There’s three core things which I think make it interesting. Firstly, it looks at Paragon, and realises you can use it to go even larger scale – so everything from an argument over dinner to winning an intergalactic war can be determined. In extreme cases, scenarios or even entire novels worth of fiction can be compressed. The inspiration is very much reading narrative histories of people like Julius Caesar where it can spend a paragraph on “Caesar went to the Mediterranean and cleared it all of pirates.” Secondly, it usually climaxes in a civil war where the players monstrous egos burn everything down. Thirdly, and most obviously, it uses some boardgame tech to integrate something akin to Blade in the Dark’s faction game (but more so), so the world has an unusual physicality. It models the political situation. It generates encounters. It does a bunch of stuff.
This was the first playtest after a really big rework, as I’d played Paragon enough to touch some stuff I was avoiding. The big thing is moving a lot of things which are traditionally on a character’s sheet and into the shared play space. A screenshot of Scions loos complicated, but that’s only because it is including a lot of stuff that’s normally buried on character sheets. This is actually a clarity tool. As well as mechanics stuff, there’s also a lot more content – this would be the first game I’d run with barely any winging it (or, rather, winging it which isn’t explicitly written into the system. It’s very much a game where players personalise their own sci-fi epic) However, at the same time, it’s also in the stage of the playtest where some stuff is entirely original and some stuff is me just using other stuff as placeholders. Names are often shamelessly lifted. The art certainly is.

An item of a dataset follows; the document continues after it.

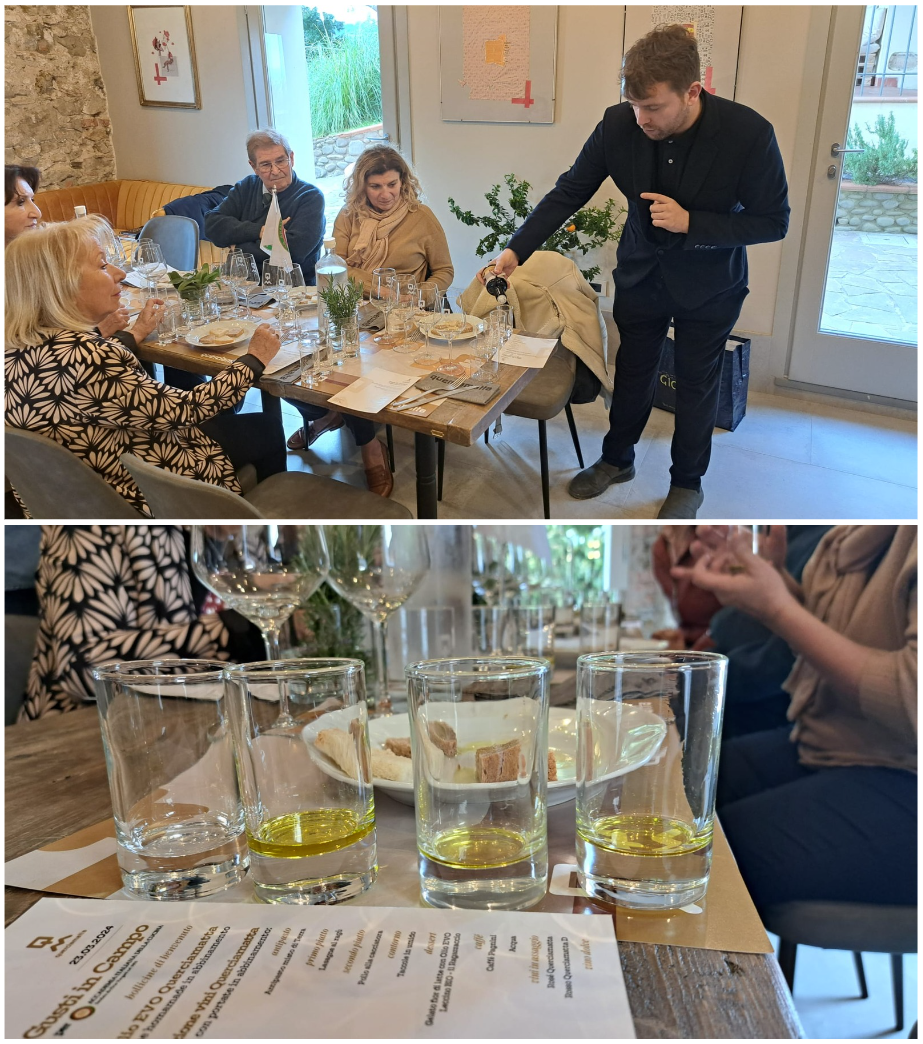 La Delegazione si è ritrovata per una degustazione dei prodotti della giovane azienda Quercia Matta, cui i proprietari dedicano cura e grande impegno di rinnovamento, facendone una realtà già convincente e aperta ad ulteriore sviluppo. Ben condotti dall’accompagnatore Vittorio, gli Accademici hanno visitato gli oliveti, i vigneti ed i nuovi impianti, destinati ad innovativa produzione di vino (poco consueta nella zona), che sfrutta la duplice natura dei terreni. Si è poi passati alla cantina e all’orciaia. Infine, a tavola (gradita ospite il Sindaco di Monsummano Terme, Simona De Caro), gli assaggi dei diversi vini ed oli (molto apprezzati) nel contesto di un vero pranzo, allestito in un bel locale accogliente, restaurato con gusto e misura, con piatti semplici e ben cucinati, proposti con garbo e cortesia, e conclusi da un singolare gelato all’olio. Al termine, il Delegato Giovannini ha salutato i graditi ospiti e gli Accademici, soddisfatti per l’esperienza.

Anyway – part of the game, I was writing a basic journal, which the players then edited to add more detail. Which died kind of become an edit war. In terms of “this is how the game works” a basic breakdown of the whole game seems fun. Also, it doubles as a design diary – at the end, I’ll be writing what I learned from this particular playtest and what I’ll be tweaking going forward. (Spoilers: lots.)
Notes on this specific game upfront – three Scion players, plus me as the Chaos Player. As part of the tonal discussion, you discuss where the game is on the scale of “Horror” to “Comedy.” We decided on comedy – Jim was a player, and this is very much like the comic we wrote, The Ludocrats. It is a black comedy, of course, but it’s very much comedy. But at the same time, this is very much what a game of Scions looks like.

THE SAGA OF THE SCIONS (I)
The Cast
The Emperor: an Emperor in pursuit of an eternal Dark Age
The Warmaster Saint: The greatest Scion in history and soon arch-betrayer
Ikarion Redblade: Murderous Leader of the Imperial Redblades, raised by the Solar Fleet
Nyxar the Damned: Stoic Leader of the Glacial Shields, raised by the Collegia Psi
Aurix Dawn: Swift Leader of the Peregrines, raised by the Church
The Supporting Cast
Admiral Raven: An elderly Garbo as a space-admiral
The Anchorite: Impossibly large figure embedded in a tracked shrine. Leader of the Church.
The Overmind: Twitchy Psychic construct made of dozens of minds. Leader of the Collegia Psi.
The Wolfmarshall: Bluff and gruff and will blow your whole city down. Leader of the Imperial Army.
Mistress Knife: Silent assassin, communicates solely by inscribed weaponry.
The Assembly: A hyper-connected robot, puppetted by all the Terran Lords.
Maxine Slaughter: A Demon Pirate.
Charles I & II: Cloned Terran Lord Golf Enthusiasts.
Livia: A connected matchmaker.
Joe, The Bullet God: Freelance murderer.
Talleyrand: Tired anti-golf diplomat.
Threenose the Mutilator: An orc gladiator turned galactic warlord.
Charles III: A further cloned Terran Lord Gold enthusiast.
Prologue
The Emperor called the Scions together to commence the campaign to reclaim the galaxy. The Saint arrived last, decried the Emperor, assassinated him with an Orbital cannon and declared themselves Emperor. Aurix Dawn murdered him to discover this Pretender to the throne is a pretend Saint – cloned, sent out to die. The real one is out there, planning to conquer the Empire.
The Lords of Terra declare whichever of the Scions proves themselves best will be the new Emperor.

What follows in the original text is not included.